It's not a good idea to close all elements in HTML because browser does not care about your closing elements, they'll be closed automatically regardless of whether you closed them or not. And your closed elements will be opened automatically.
<p>List: <ul><li>item1</li></ul> of items</p>
becomes
<p>List: </p><ul><li>item1</li></ul> of items<p></p>
and that's probably not what you wanted. So you have to understand auto-closing behaviour either way. And if you understand it, you can just spare yourself from closing them.
Now with XHTML, that's a different thing. But I think that ship sailed many years ago and HTML is a preferred way to go nowadays.
> you have to understand auto-closing behaviour either way
You do, if you use HTML, but my read of the above two comments was that they would've preferred if the world had stuck on the XHTML path.
> Now with XHTML, that's a different thing. But I think that ship sailed many years ago and HTML is a preferred way to go nowadays.

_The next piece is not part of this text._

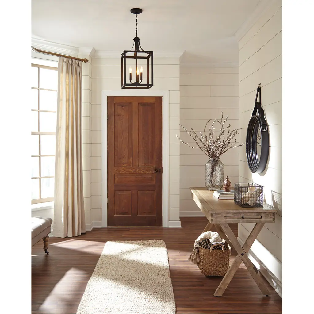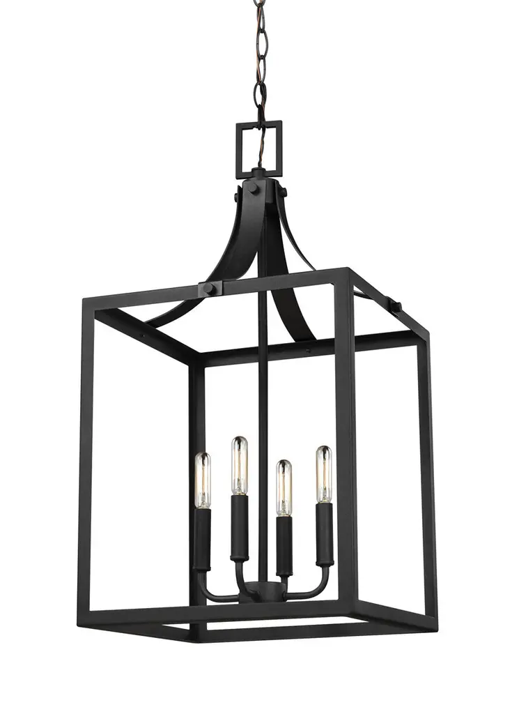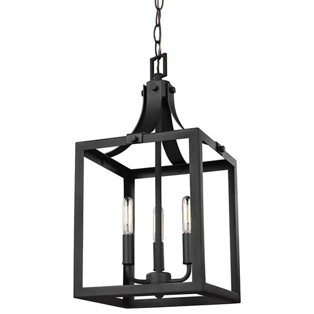 The Labette three light indoor pendant in black is the perfect way to achieve your desired fashion or functional needs in your home. Labette features a beautiful four-sided, lantern silhouette which is accented with rivet details and an updated square link at the crown
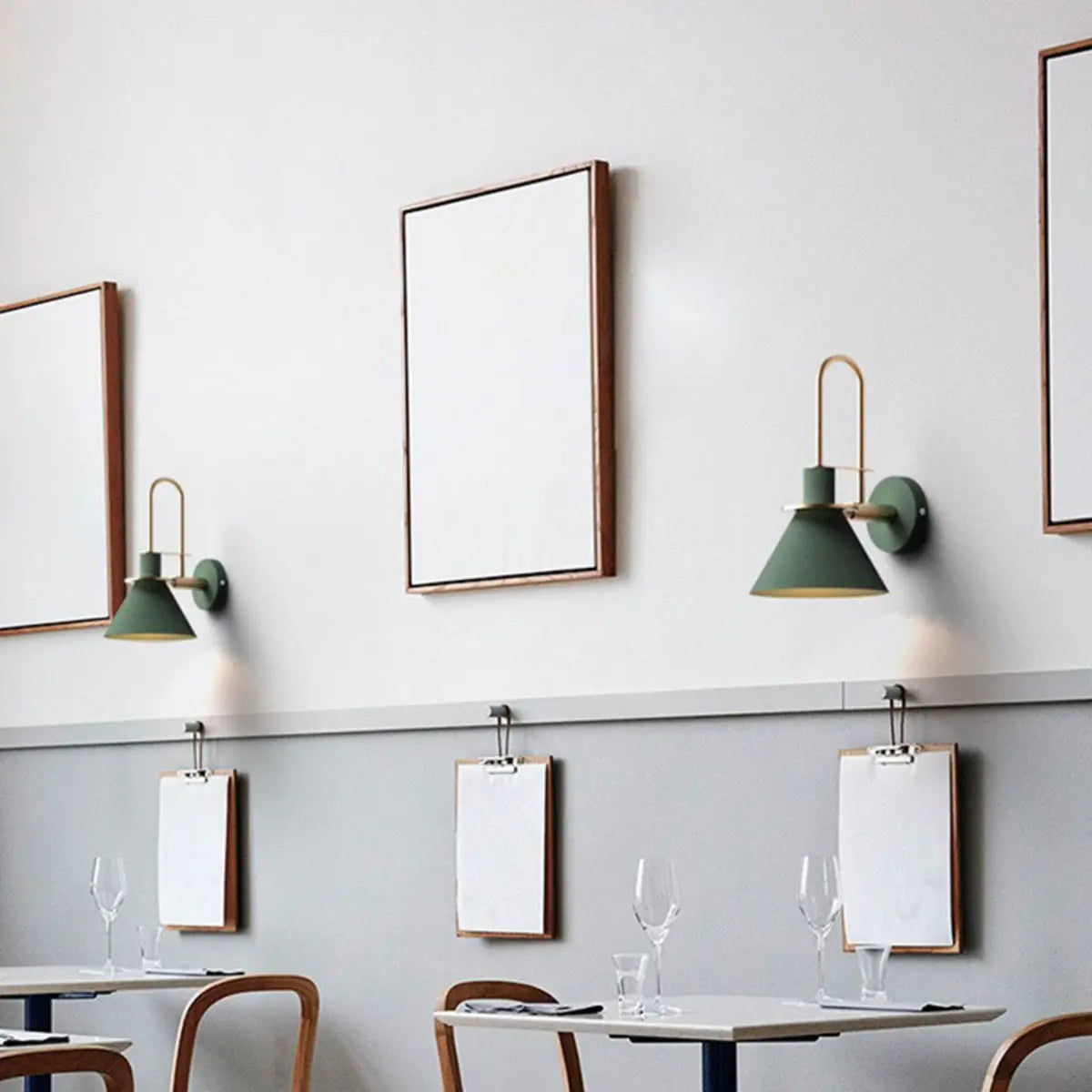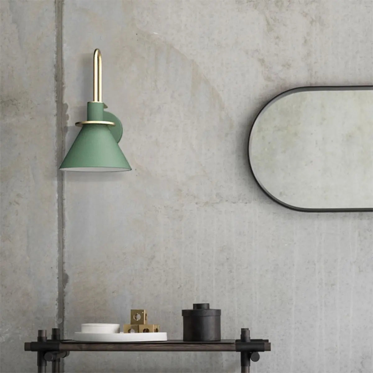This modern conical wall lamp combines elegant green with high-quality electroplated brass, perfect for creating a stylish atmosphere in your living room or bedroom.

Actually, XHTML is a (little-known) part of the HTML5 spec.[0], so going the strict path is still an option. In the past, this would've required complex content-negotiation for media-type backward-compat but that's no longer an issue unless a non-neglible % of your visitors are using IE8.
The only remaining issue is that of draconian error handling, which is an issue browsers definitely would have fixed the UX of had the mainstream stayed on the XHTML track, but sadly that never happened. Still, good modern support for server-side validation of well-formed XML documents means this is also less of an issue than it once was (though tbh, still a significant issue imo).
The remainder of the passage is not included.